The teenage brain is more susceptible to substance abuse because the pleasure centers of the brain develop more rapidly than the parts of the brain involved in making decisions. According to the CDC, drug usage at these adolescent ages is likely to affect the growth of teens, occur simultaneously with other risky behaviors and lead to the development of adult health problems, such as heart disease and sleep disorders.

West High has compiled resources for students who are struggling with substance abuse. Brack recommends reaching out to a trusted adult in the building to get access to these resources. Once connected with an adult, students can receive quick access to medical attention, support groups, therapy or rehab programs.

When students approach Student Family Advocate Christine Dougan with substance abuse issues, the cause is often mental health issues. From these interactions, Dougan believes the core focus to mitigate substance use should be on student mental health and providing adequate resources in response to the pandemic.
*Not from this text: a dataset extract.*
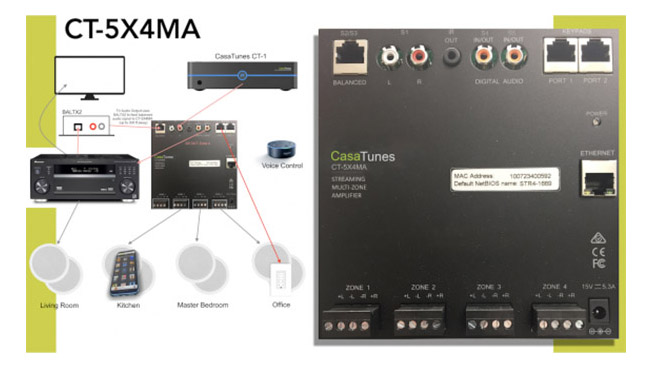 Si chiama CT-5X4MA ed è la nuova matrice amplificata entry level di CasaTunes, che va a sostituire la versione precedente (CT-4X4MA), migliorandone le funzionalità. Pur mantenendo le peculiarità e la versatilità della precedente, la CT-5X4MA aggiunge un ingresso ottico Toslink, aumentando da 4 a 5 il numero totale di sorgenti in ingresso.

“I think we are in a unique sort of global experience the last couple years … the world is literally and metaphorically on fire. Our school structure looks the exact same as it did pre-COVID: same amount of guidance counselors, same amount of SFAs, same amount of teachers and same school day,” Dougan said. “So we’re all experiencing this collective trauma, and we’re proceeding as if [we’re] not.”

Despite the lack of adjustments made in response to the pandemic, the third anonymous source believes it is vital to understand the significance of drug addiction. 

“You’re going to be putting aside your own values because that’s what addiction does,” they said. “It grows on you. It grows on you like a tumor, and it’ll latch on to you.”